His whole body and mind were being drawn and quartered into pieces. Six years he’d sat in prison because not one person had come forward to back up his story. Of course the jury took the deputy’s side. Cord had known there were others around the campfire, but he’d figured they all ran. Nevada must have stayed long enough to see what happened to h
im. She even talked to the other deputy, but she hadn’t said a word when he needed someone to back him up.
She marched back to her Jeep and pulled out something, then marched back. “Galem said you ruined your shirt. I brought you another one. At least take the time to put it on.”
“You spend too much time worrying about what I wear. Don’t you have anything better to do?” He twisted the wire around, nicking his hand for the tenth time. Cord barely noticed. “What difference does it make anyway?”
She waited for him to take the shirt. He could hear her pouting like she always did when things weren’t going her way.
He stuck the wire cutters in his back pocket and reached out for the denim shirt. In the lights he could see her face and hated himself for making her so unhappy. She’d grown up on a ranch. She knew he was putting himself in danger to be out here alone after dark. She’d probably worried for hours before finally coming out.
“You got a gun with you? There are wild hogs on this back land.”
“No. It’s been my experience that people are far more likely to hurt me than wild animals.”

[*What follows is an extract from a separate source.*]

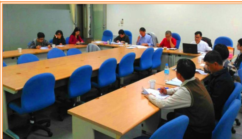
109 年度科技計畫先期構想審查會議

場、恆春分所及本組共計研提 7 題，其中 2 題為延續 108 年的科技計畫，其餘為新提計畫。各題計畫經計畫主持人口頭簡報後，由各位委員提問審查，並對計畫構想內容提供諸多修改意見及寶貴建議，於同日中午 12 時 30 分左右順利完成審查。
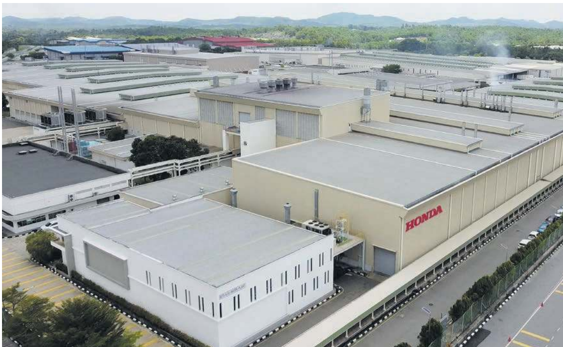
KILANG pemasangan Honda Malaysia di Kawasan Perindustrian HICOM Pegoh.

Kilang tersebut kini memasang tujuh model berbeza membabitkan Honda City, City Hatchback, Civic, Accord, BR-V, HR-V dan CR-V.

She walked halfway back to the Jeep, then turned to face him. “I hate it when you’re like this, Cord, all closed off and cold.”
He almost said he hated it when she wasn’t honest. She played him and he didn’t even know the rules.
Hell, he hated them both. What kind of game were they playing anyway? If she wouldn’t stand up for him, why would she marry him?
Suddenly, he remembered one detail about the night at the lake. One fact he’d stored back in his whiskey-washed head drifted forward. Cord remembered the cop who’d cuffed him and shoved him down in Salem’s blood and his own vomit. When he jerked him up to frisk him, he had ripped Cord’s shirt. By the time they made it to the office it had fallen completely off.